Last Updated on 22 June 2024

Quotes from James Madison (1751-1836)

  • The accumulation of all powers, legislative, executive, and judiciary, in the same hands, whether of one, a few, or many, and whether hereditary, self-appointed, or elective, may justly be pronounced the very definition of tyranny.
  • The advancement and diffusion of knowledge is the only guardian of true liberty.
  • Armies, and debts, and taxes are the known instruments for bringing the many under the domination of the few.
  • The civil rights of none, shall be abridged on account of religious belief or worship, nor shall any national religion be established, nor shall the full and equal rights of conscience be in any manner, or on any pretext infringed.
  • Crisis is the rallying cry of the tyrant.
  • Equal laws protecting equal rights…the best guarantee of loyalty and love of country.
  • History records that the money changers have used every form of abuse, intrigue, deceit, and violent means possible to maintain their control over governments by controlling money and it’s issuance.
  • I believe there are more instances of the abridgement of freedom of the people by gradual and silent encroachments by those in power than by violent and sudden usurpation.
  • I cannot undertake to lay my finger on that article of the Constitution which granted a right to Congress of expending, on objects of benevolence, the money of their constituents.
  • If man is not fit to govern himself, how can he be fit to govern someone else?
  • If our nation is ever taken over, it will be taken over from within.
  • If Tyranny and Oppression come to this land, it will be in the guise of fighting a foreign enemy.
  • It is a universal truth that the loss of liberty at home is to be charged to the provisions against danger, real or pretended, from abroad.
  • It will be of little avail to the people that the laws are made by men of their own choice if the laws be so voluminous that they cannot be read, or so incoherent that they cannot be understood.
  • Knowledge will forever govern ignorance; and a people who mean to be their own governors must arm themselves with the power which knowledge gives.
  • Learned Institutions ought to be favorite objects with every free people. They throw that light over the public mind, which is the best security against crafty and dangerous encroachments on the public liberty.
  • No nation could preserve its freedom in the midst of continual warfare.
  • Oppressors can tyrannize only when they achieve a standing army, an enslaved press, and a disarmed populace.
  • A president is impeachable if he attempts to subvert the Constitution.
  • The purpose of separation of church and state is to keep forever from these shores the ceaseless strife that has soaked the soil of Europe with blood for centuries.

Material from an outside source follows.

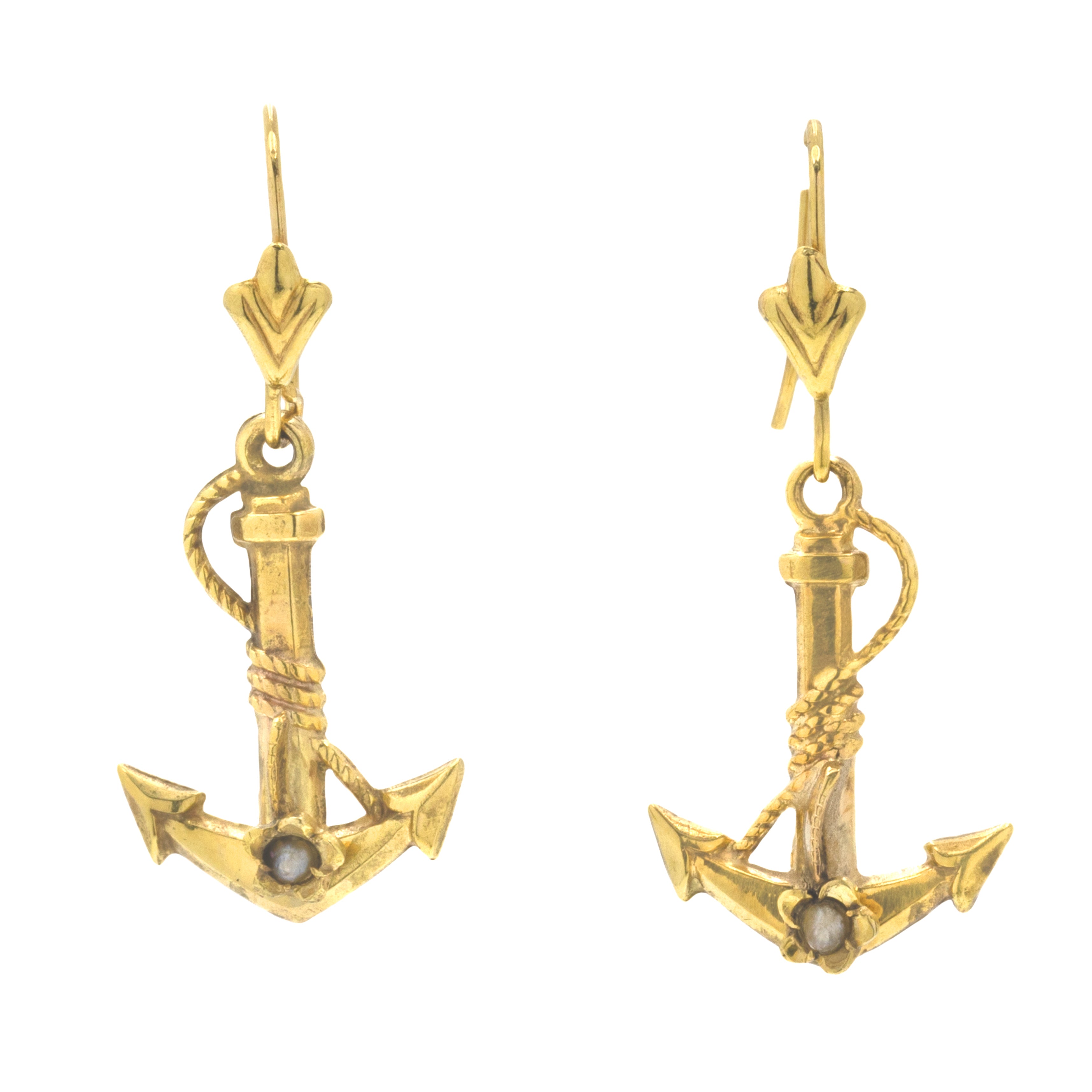 Ahoy! This pair of Victorian 9ct Gold Pearl anchor earrings are a wonderful find! A characterful choice, these antique earrings have been crafted from buttery 9ct Gold and are inlaid with a seed Pearl at their centre.

  • Religious bondage shackles and debilitates the mind and unfits it for every noble enterprise…. During almost fifteen centuries has the legal establishment of Christianity been on trial. What have been its fruits? More or less, in all places, pride and indolence in the clergy; ignorance and servility in laity; in both, superstition, bigotry, and persecution.
  • There is an evil which ought to be guarded against in the indefinite accumulation of property from the capacity of holding it in perpetuity by…corporations. The power of all corporations ought to be limited in this respect. The growing wealth acquired by them never fails to be a source of abuses.
  • The truth is that all men having power ought to be mistrusted.
  • Where an excess of power prevails, property of no sort is duly respected. No man is safe in his opinions, his person, his faculties, or his possessions.